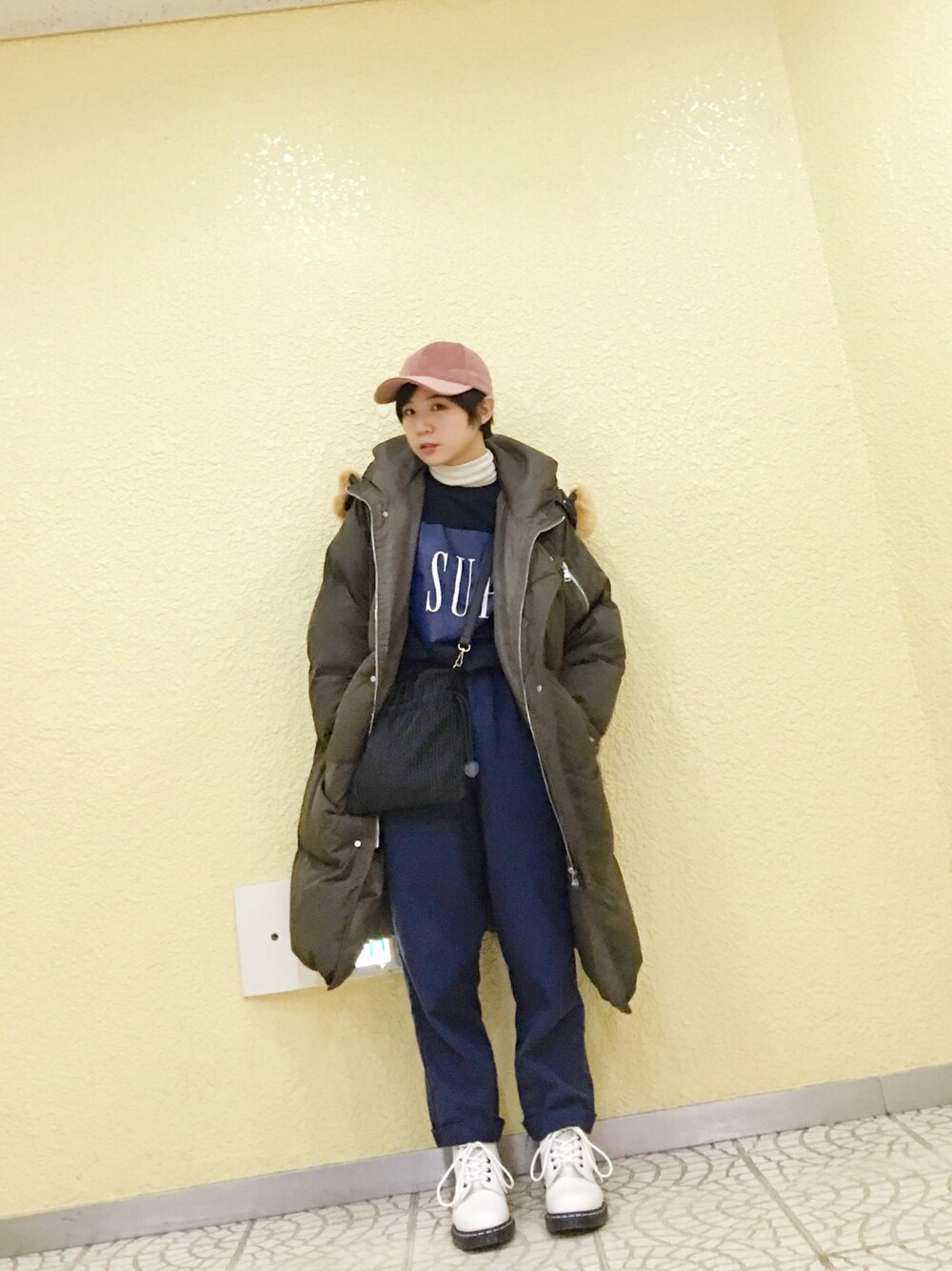 カジュアルボーイッシュに。 オールネイビーコーデにピンクを投入。 このキャップ、形も色味もほんとに可愛すぎて色違いで手に入れてしまった!😂🌟 ダウンはこの冬の戦闘服!! 形かわいいし、めちゃくちゃあったかくて布団着てるみたいやし、最高しかない。 バッグが実はプリーツになってるのもポイント。
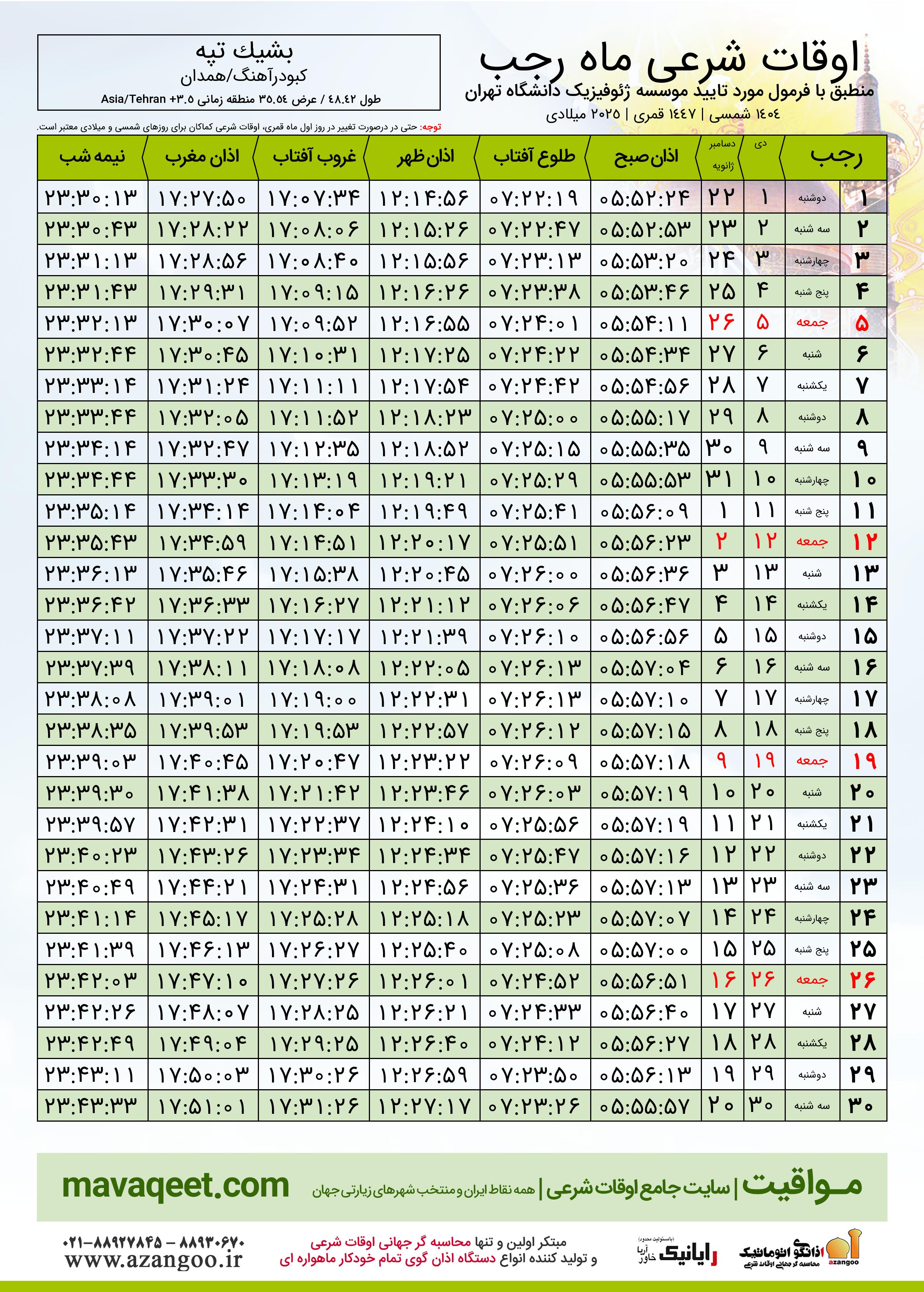 اوقات شرعی رجب ١٤٤٧ قمری شهر بشیک تپه
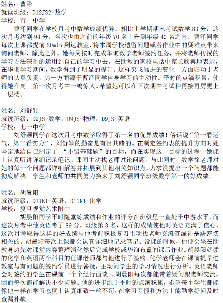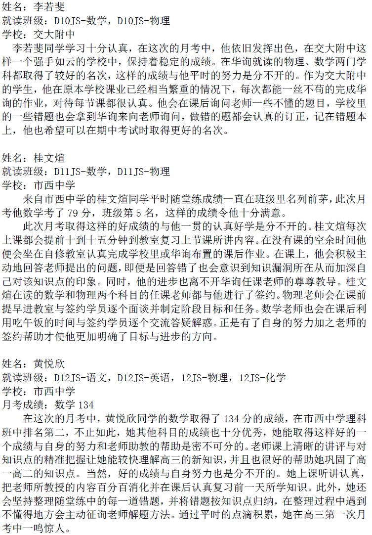 華詢(xún)教育階段成績(jī)展--第一次月考(東海篇)
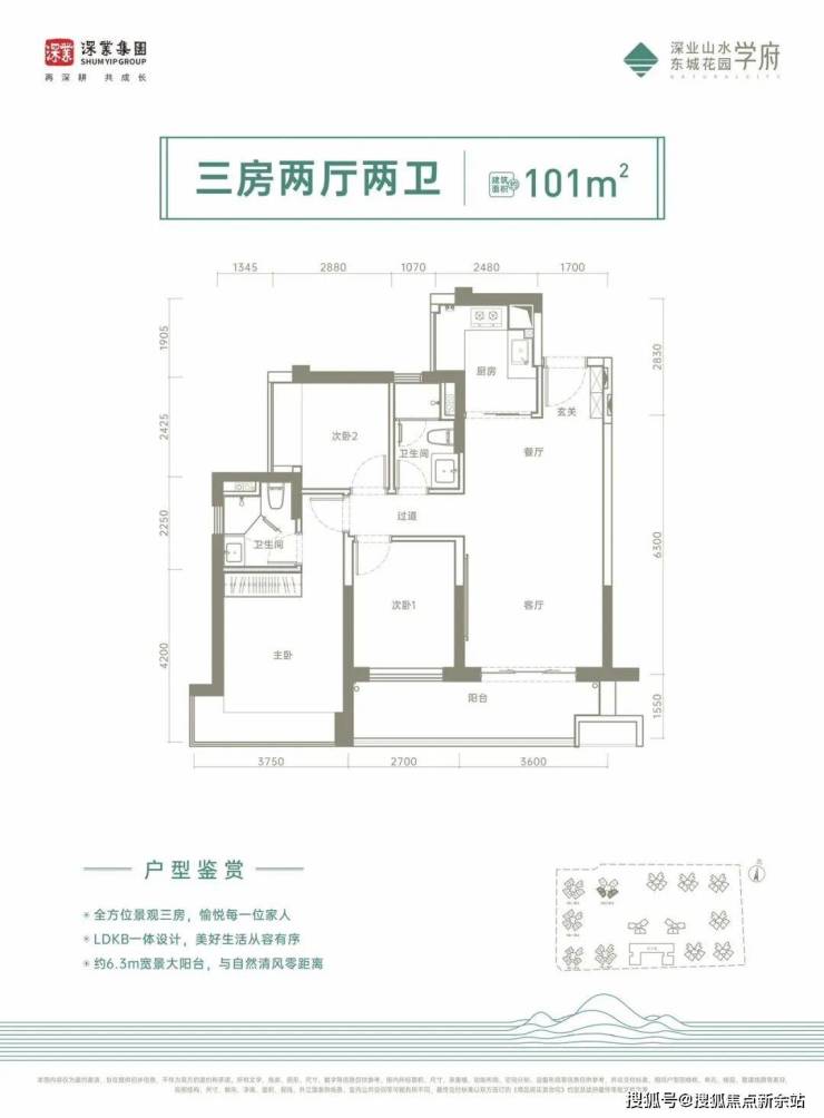 101㎡的3房2厅2卫,设计的是经典竖厅格局,进门入户玄关,客厅3.6米开间,LDKB一体化设计,三开间朝南,3个卧室分别做到了3.75米/2.7米/2.42米的宽度,客厅连接次卧出6.3米的大阳台,U型厨房,卫生间干湿分离,得房率:75%(不含赠送),西南或东南朝向。
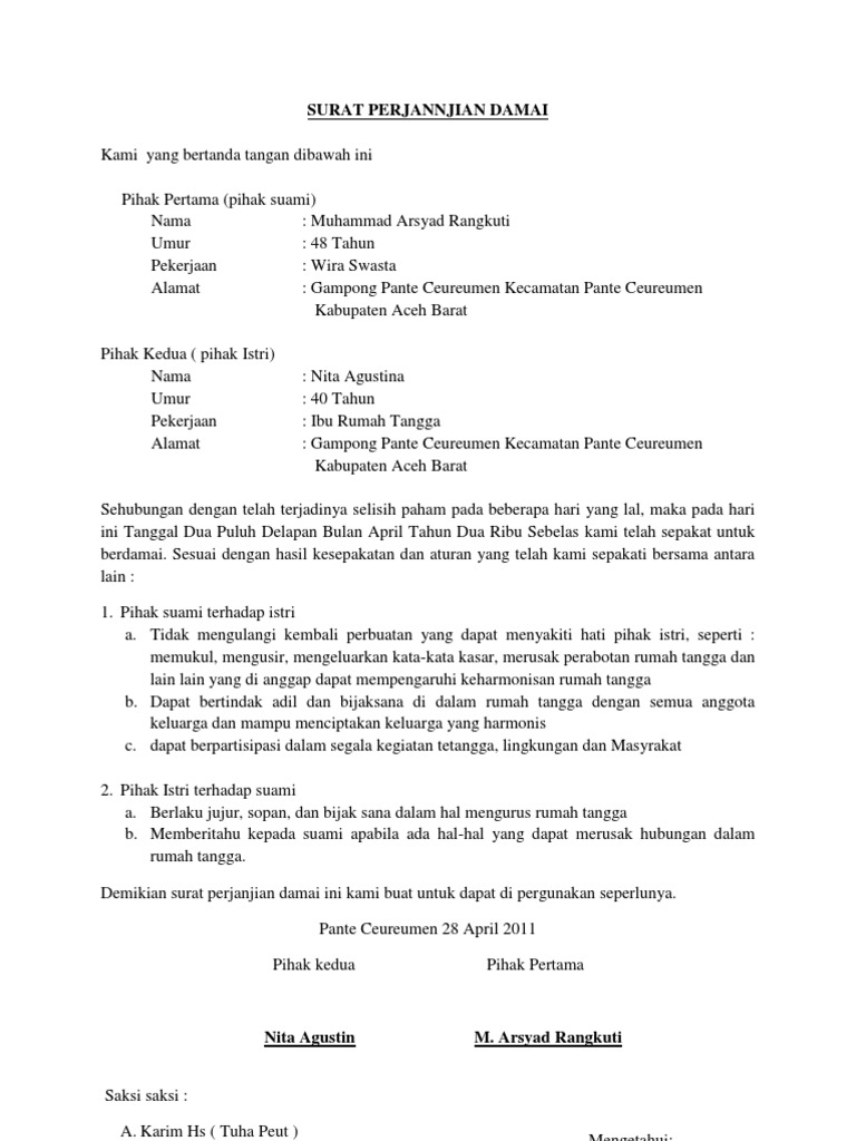 Surat Perjanjian Damai Kekeluargaan Pdf

-------------------------

Without including any picture, restate every entry above exactly.

 カジュアルボーイッシュに。 オールネイビーコーデにピンクを投入。 このキャップ、形も色味もほんとに可愛すぎて色違いで手に入れてしまった!😂🌟 ダウンはこの冬の戦闘服!! 形かわいいし、めちゃくちゃあったかくて布団着てるみたいやし、最高しかない。 バッグが実はプリーツになってるのもポイント。
 اوقات شرعی رجب ١٤٤٧ قمری شهر بشیک تپه
 華詢(xún)教育階段成績(jī)展--第一次月考(東海篇)
 101㎡的3房2厅2卫,设计的是经典竖厅格局,进门入户玄关,客厅3.6米开间,LDKB一体化设计,三开间朝南,3个卧室分别做到了3.75米/2.7米/2.42米的宽度,客厅连接次卧出6.3米的大阳台,U型厨房,卫生间干湿分离,得房率:75%(不含赠送),西南或东南朝向。
 Surat Perjanjian Damai Kekeluargaan Pdf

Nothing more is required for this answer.